Pamela Fonju* and Kem Louie

Department of Nursing, William Paterson University, 300 Pompton Road, University Hall 203, Wayne, NJ 07470, USA
Dr. Pamela Fonju, Department of Nursing, William Paterson University, 300 Pompton Road, University Hall 203, Wayne, NJ 07470, USA; E-mail: fonjup@wpunj.edu
28 March 2018; 03 May 2018; 05 May 2018
Fonju P, Louie K (2018) Factors Associated with Medication Adherence among Hypertensive Adults in the North West Region of Cameroon. Int J Nurs Clin Pract 5: 278. doi: https://doi.org/10.15344/2394-4978/2018/278

Abstract

Introduction: Hypertension is a primary risk factor for cardiovascular disease, premature morbidity and mortality worldwide. The World Health Organization (WHO) estimates a global prevalence of approximately 1 billion adults and projects an increase to 1.7 billion by 2025. Global hypertension is on a steady rise in developing countries. The use of anti-hypertensive medications has been shown to produce significant gains; however, non-adherence remains a global health problem. This study examines factors associated with medication adherence among hypertensive adults in the North West Regions of Cameroon. The study framework was guided by Bandura’s theory of self-efficacy.
Methods: This project utilized a descriptive cross-sectional survey design. Data was collected by selfadministered questionnaires with a convenience sample of established patients in two hospitals. Two surveys included the demographic tool (15 items) and the Modified Medication Adherence Scale (MMAS-8). The Cronbach alpha is .83 [1].
Results: The total sample (n=200) completed the surveys. 47% (n = 94) reported a normal blood pressure. The mean systolic blood pressure was 141mm/Hg and diastolic blood pressure was 85mm/Hg. Mean adherence score was 6.33, SD=2.089. Adherence scores findings showed 31% (n = 63) low adherence, 32% (n= 64) medium adherence and 36% (n=73) high adherence. A significant weak negative correlation was found with adherence and blood pressure in systolic BP (r (198) = -.204, p<.05) and in diastolic BP (r (198) = -.237, p<.01). The higher the blood pressure, the lower the adherence scores. Education and alcohol were shown to be statistically associated with medication adherence.
Conclusions: The long-term reduction strategy of acute cardiovascular events associated with high medication adherence to antihypertensive treatment underscores its importance to hypertension control. Efforts focused on early antihypertensive treatment initiation and customized intervention programs may likely improve patient outcome and provide major benefits in global hypertension control efforts.


1. Introduction

The World Health Organization (WHO) reported that there are 1 billion adults diagnosed with hypertension globally and that estimate is projected to increase by approximately 1.7 billion (60%) by 2025 [2]. Increase in global hypertension has been attributed to a steady increase in hypertension in developing countries [2]. A systematic review of literature [3] on hypertension prevalence in Sub-Saharan Africa found hypertension to be more prevalent in urban than rural areas. This was attributed to a population shift from rural to urban areas, increased consumption of processed foods, obesity and physical inactivity. Hypertension is defined as an average systolic blood pressure of greater or equal to 140 mm/Hg or a diastolic blood pressure of greater than or equal to 90 mm Hg [4,5].

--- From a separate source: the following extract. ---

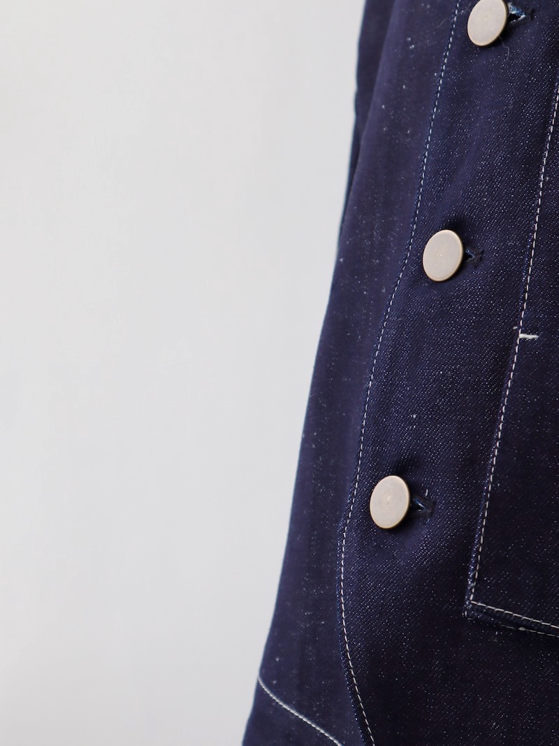 世界各地の良質なコットンとリネンで織り上げた、10ozのデニム生地。袖を通した瞬間に心がほぐれてしまう、やわらかなタッチです。これにて①は解決。

Uncontrolled blood pressure is one of the primary risk factors for cardiovascular diseases, stroke, premature morbidity and mortality worldwide [2,6,7]; and has been identified as the third leading cause of disability worldwide [5,8].

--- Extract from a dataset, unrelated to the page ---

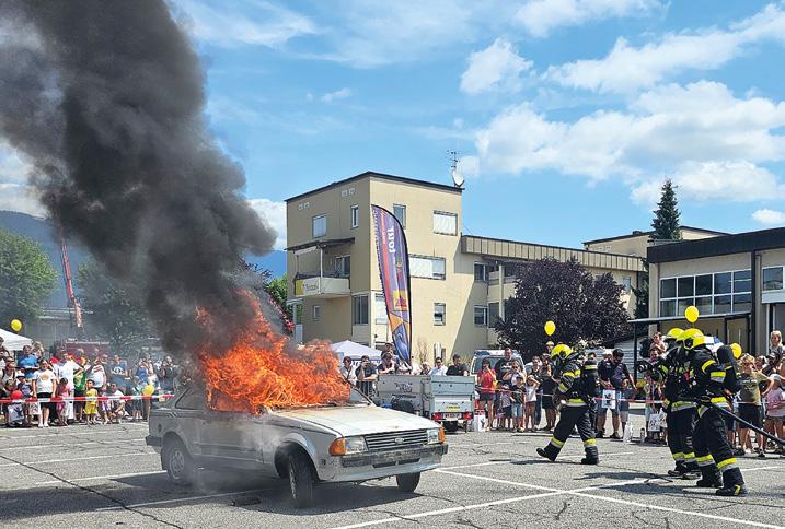 SICHERHEITSTAG. Beim Sicherheitstag auf dem Gelände der Hauptfeuerwehrwache Villach in der Kasernengasse, wurde den Besucher:innen wieder ein spannendes Programm der verschiedenen Blaulichtorganisationen geboten. Spektakuläre Übungen, wie das Löschen eines Fahrzeugs oder eine Seilbergung durch den Notarzthubschrauber RK1, waren die Highlights des Tages. Dazu gab es eine Fahrzeug- und Geräteschau sowie Tipps und Informationen für die eigene Sicherheit und Vorsorge. Bei den Vorführungen dabei waren auch die Stadträte Harald Sobe und Erwin Baumann.

In the Sub-Saharan Africa, much attention over the past few decades have been primarily on the prevention of communicable diseases [2] such as the Human immunodeficiency virus/acquired immunodeficiency syndrome (HIV-AIDS). However, noncommunicable diseases, such as hypertension is emerging in the Sub-Saharan Africa region as major population health crises [3,8]. Cameroon, a country in the Sub-Saharan African region is also experiencing a public health emergency with increasing number of hypertensive patients. A 2007 study [9] examined hypertension burden and related risk factors (smoking, obesity, alcohol consumption and sedentary lifestyle) among adults in Cameroon. The researchers reported that in 1994, the prevalence rate of hypertension and diabetes was approximately 8% and 1% respectively. In 1998, hypertension prevalence increased to 18% and diabetes to 6%.The increase in the number of hypertensive patients is thought to be related to a population shift from rural to urban areas, increased consumption of processed foods, obesity, and physical inactivity [9].

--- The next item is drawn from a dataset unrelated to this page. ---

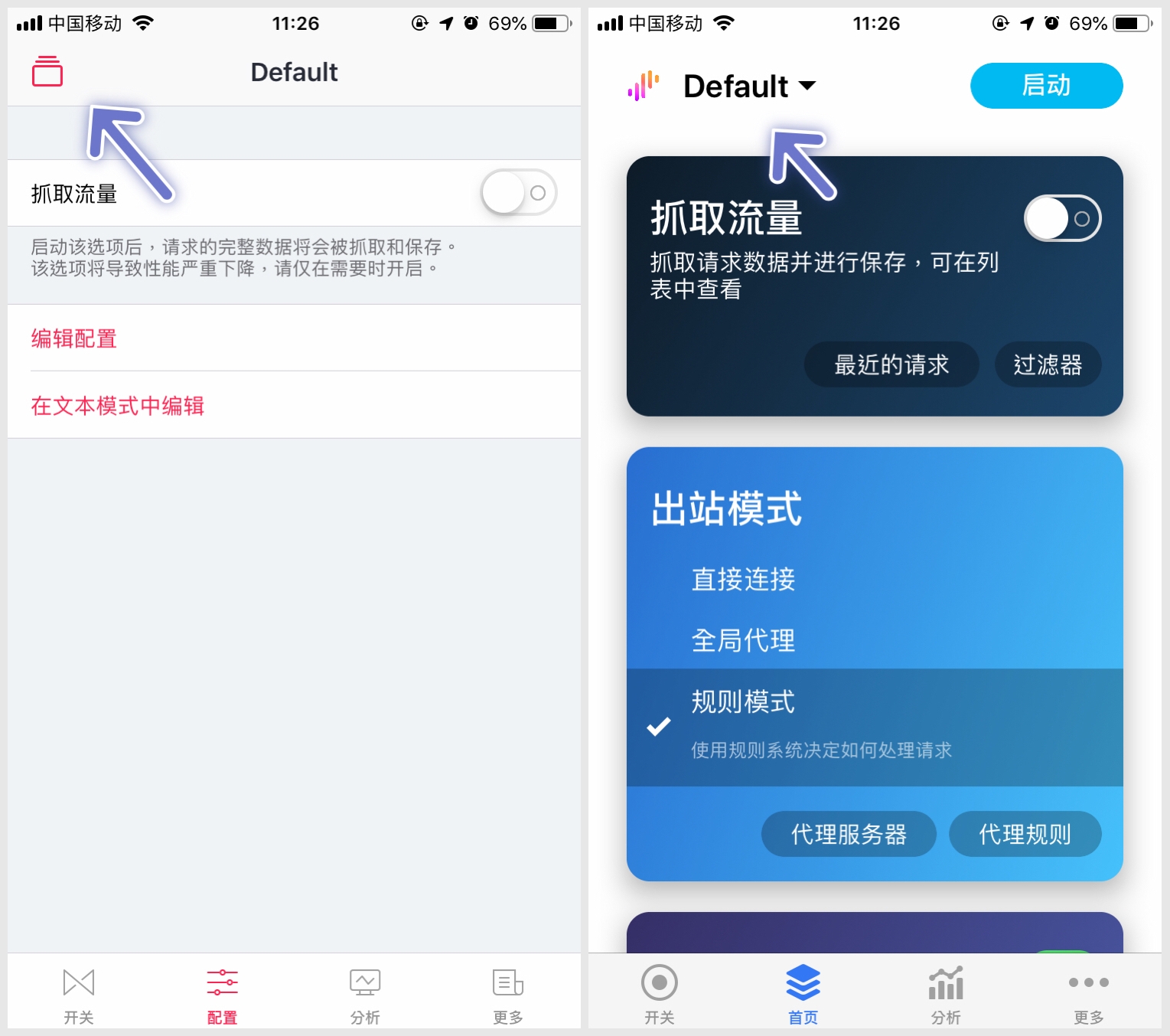 打开 Surge 3 点击左上角的「Default」进入配置管理页面。

Treatment with anti-hypertensive medications has been shown to reduce disease related complications such as cardiovascular disease, stroke, kidney disease and sudden death, yet non-adherence remains a significant global health problem [5,6,18]. Despite numerous studies that have identified factors associated with medication non-adherence in developed countries [10-12], no studies have been published in Cameroon to address this problem. Therefore, further exploration for this study was necessary. The purpose of this study was to investigate factors associated with medication adherence among hypertensive adults in the North West Region of Cameroon.

2. Theoretical Framework - Social Cognitive Theory of Self Efficacy

This study utilized Bandura’s theory of self-efficacy. Self-efficacy theory is developed from social cognitive theory that suggests that behavior, cognition and environment have interacting influences among each other [13]. Self-efficacy, "refers to beliefs in one's capabilities to organize and execute the courses of action required to manage prospective situations" [14]. The principle behind selfefficacy is that, the ability to modify a behavior is influenced by expected outcome gained from that modification and the ability to self-motivate to maintain the desire outcome [13]. It is the confidence one feels about performing a task, the confidence in overcoming the barriers to achieve the given task and the outcome expected.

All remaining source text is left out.